Terry’s Aftermath Project awards grants to photographers who cover the consequences of war. It has published eight catalogs of work that portray life after a war winds down, when journalists and soldiers leave—the period that sees people rebuilding their lives and cities, coping with trauma. Terry herself focuses on Bosnia, where she went “to cover the aftermath of war—to try to capture the images that are the all too often forgotten companions of the vivid pictures of war itself,” she writes in the book’s introduction. “I came with the conviction that war is only half the story. I believed, and still believe, that what happens in the aftermath of war is as newsworthy, if not more so, than the destruction and horror of war.”

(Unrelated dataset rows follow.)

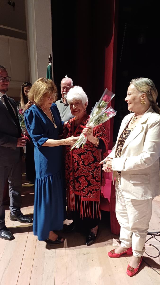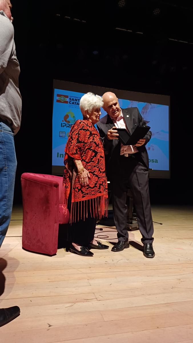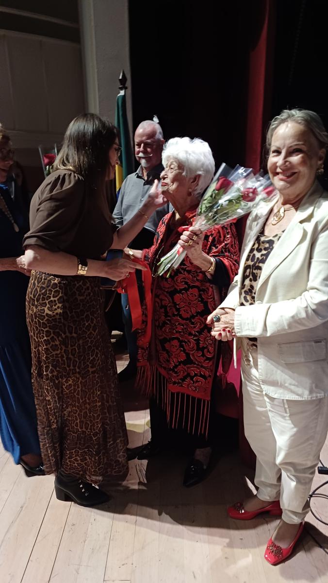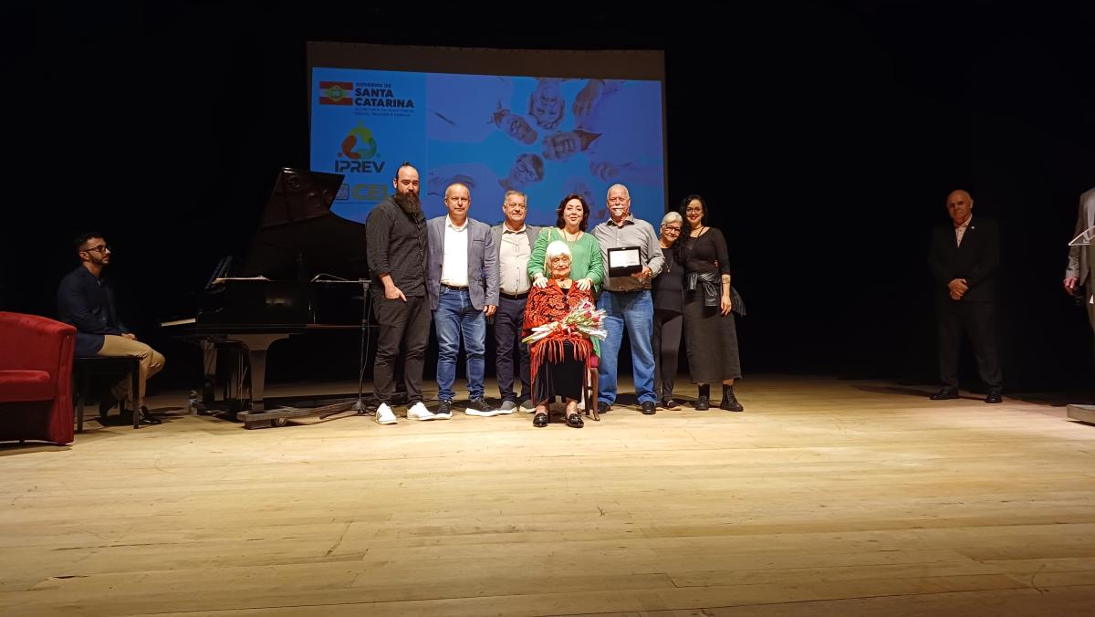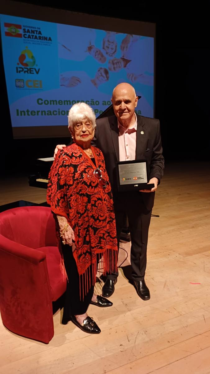 Um dos pontos do evento foi a homenagem à Sra. Rita Maria da Silva, presidente da Associação de Pensionistas do IPREV (APIPREV). Aos 90 anos de idade, Rita segue à frente da Associação há 23 anos, conduzindo um espaço acolhedor que promove a socialização e o bem-estar das pensionistas, por meio de atividades como cafés, viagens, aulas de dança e eventos culturais. Sua trajetória é um verdadeiro exemplo de vitalidade, dedicação e amor à comunidade.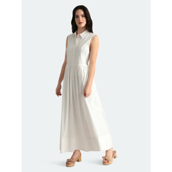 Make the Kinsley maxi with its sleeveless silhouette, button-front shirt collar in a white clip dot fabric, your next warm-weather staple.
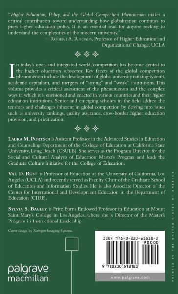 "Higher Education, Policy, and the Global Competition Phenomenon makes a critical contribution toward understanding how globalization continues to press higher education policy. It is an essential read for anyone seeking to understand the complexities of the modern university." - Robert A. Rhoads, Professor of Higher Education and Organizational Change, UCLA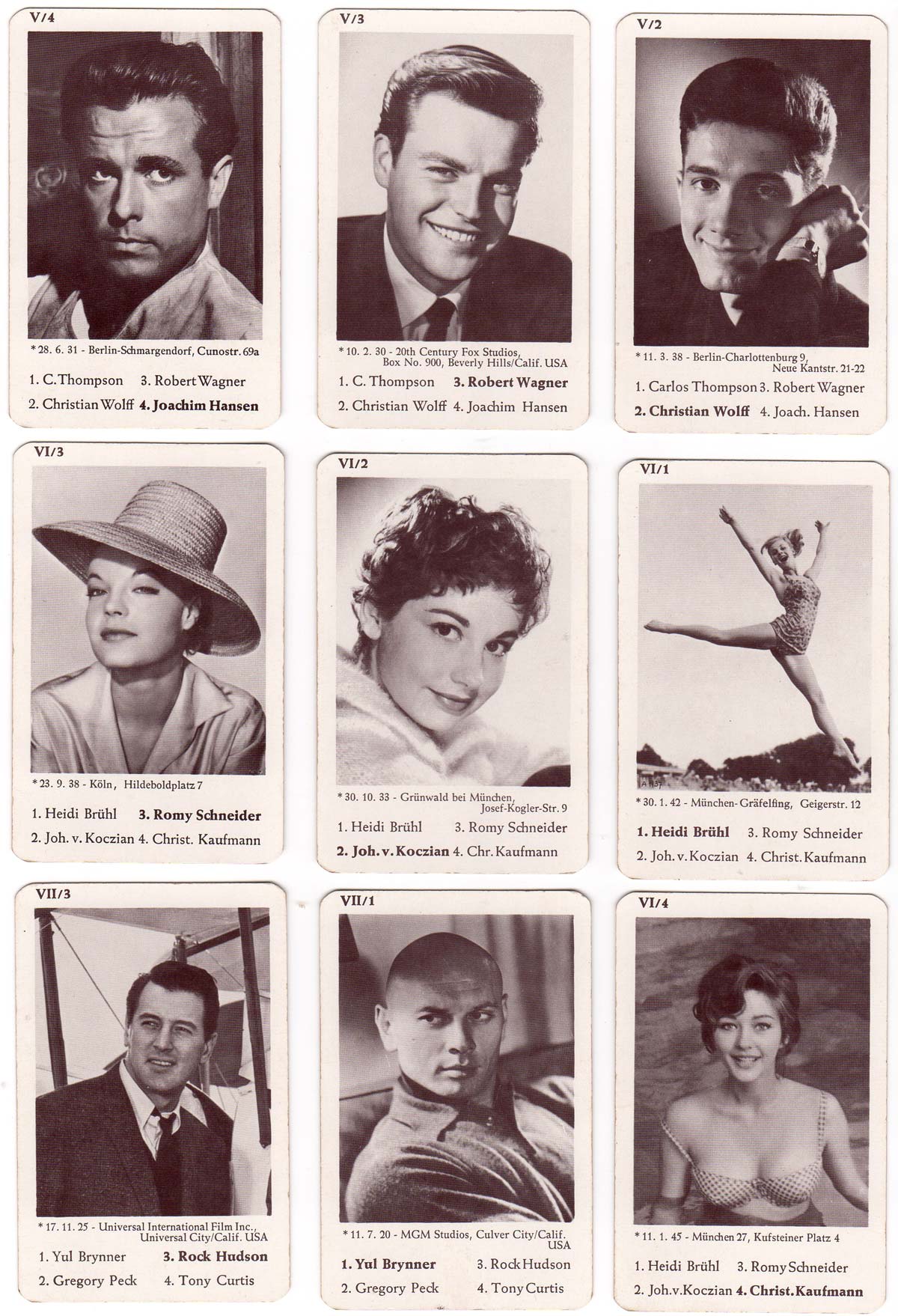 Schlager Film Revue “Hot and Sweet” Quartett für Teenager, 1964. ASS and ASS-Top made hundreds of these types of sets covering many themes but not many with film star cards. See the Rules►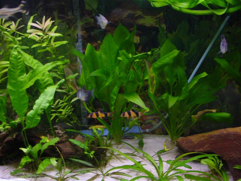 It does look like a vallisneria doesn't it...but it isn't, it's a thai onion plant with insanely long leaves that coil up at the top, the latin name is Crinum thaianum, you can just about see the main plant in the background there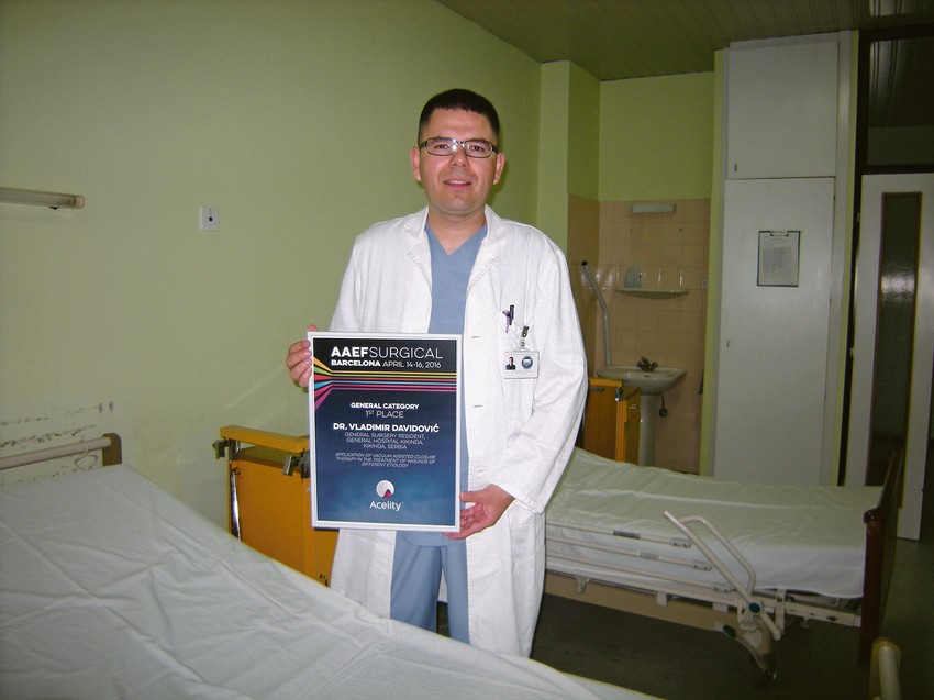 - Predstavio sam primenu vakuum asistirane kompresivne terapije u lečenju rana različitog porekla. Terapija podrazumeva primenu negativnog pritiska u lečenju rana koje nastaju kao posledica bolesti vena, arterija, šećerne i neuropatske bolesti, ili zbog dužeg mehaničkog pritiska, takozvane dekubituse. Ovu metodu uspešno primenjujemo i kod lečenja rana nastalih nakon operacija, kada dođe do infekcije ili stvaranja hematoma ili kada dođe do spontanog otvaranja rane, što je dalo odlične rezultate. Glavni efekat ovakve terapije jeste stvaranje granulacionog, novog tkiva koje je osnov za zarastanje rane. Protekle tri godine uspešno smo izlečili 32 pacijenta - kaže doktor Davidović, koji je u međuvremenu na još jednom kongresu imao dve usmene prezentacije.
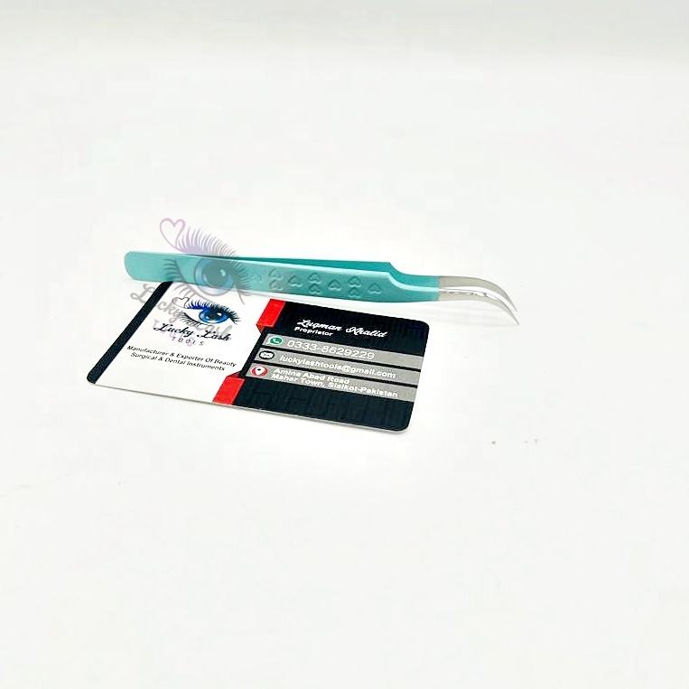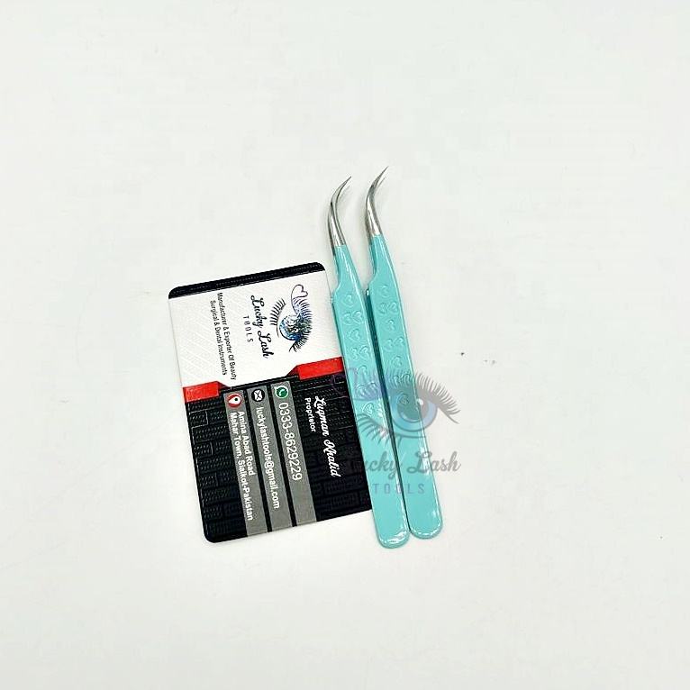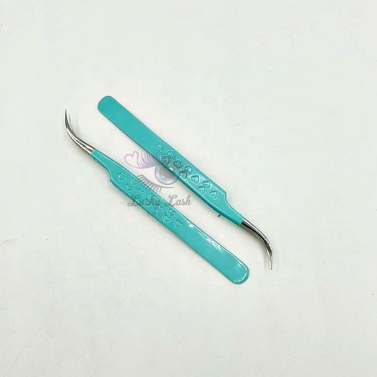 Pince à épiler d'extension de sourcils en acier inoxydable de forme incurvée avec étiquette personnalisée True Grip New Heart-Design Color High Pointed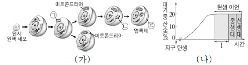 11. 그림 (가)는 세포 내 공생설을, (나)는 지질 시대에서 대기중 산소의 비율 변화를 나타낸 것이다. ㉠~㉢은 각각 남세균, 단세포 진핵생물, 호기성 세균 중 하나이다.

This collection, published to demarcate the Aftermath Project’s 10th anniversary, pulls work not just from Terry but also from past grant winners, and the result is a showcase of the most powerful documentary photography of our time. It features work from emerging and legendary photographers such as Ami Vitale, Stanley Greene, Danny Wilcox Frazier, Jim Goldberg, Justyna Mielnikiewicz, Carlos Javier Ortiz, and Nina Berman. As the Aftermath Project has grown, it’s moved from looking at the aftermath of immediate battle, like in Bosnia, to take a broader view of what one considers a conflict, beyond the classic definition of war, like the genocide of Native Americans and gun violence plaguing cities like Chicago. (Note: I jumped the gun a bit on this one. The official publication date is 2018.)
This one is not technically a book, but a tabloid-sized newspaper focused on exploring the Provoke-era of Japanese photography—a brief period in the late ’60s and early ’70s that gave rise to a groundbreaking style anchored by a small group of photographers whose work tended to be blurry, skewed, and heavily contrasted. From a uniquely personal perspective, they documented protests and other critical issues facing post-war Japan. The work was of its time and still very much ahead of its time. Photographers today are still discovering and being influenced by the work of Daido Moriyama, Takuma Nakahira, and Yutaka Takanashi. A/Fixed editor Tsuyoshi Ito interviews some of the original Provoke photographers and photo historians about the work and its continued impact on photography, and he showcases essays and plenty of large, awe-inspiring photos. It is an excellent companion to the Provoke book published last year by Steidl.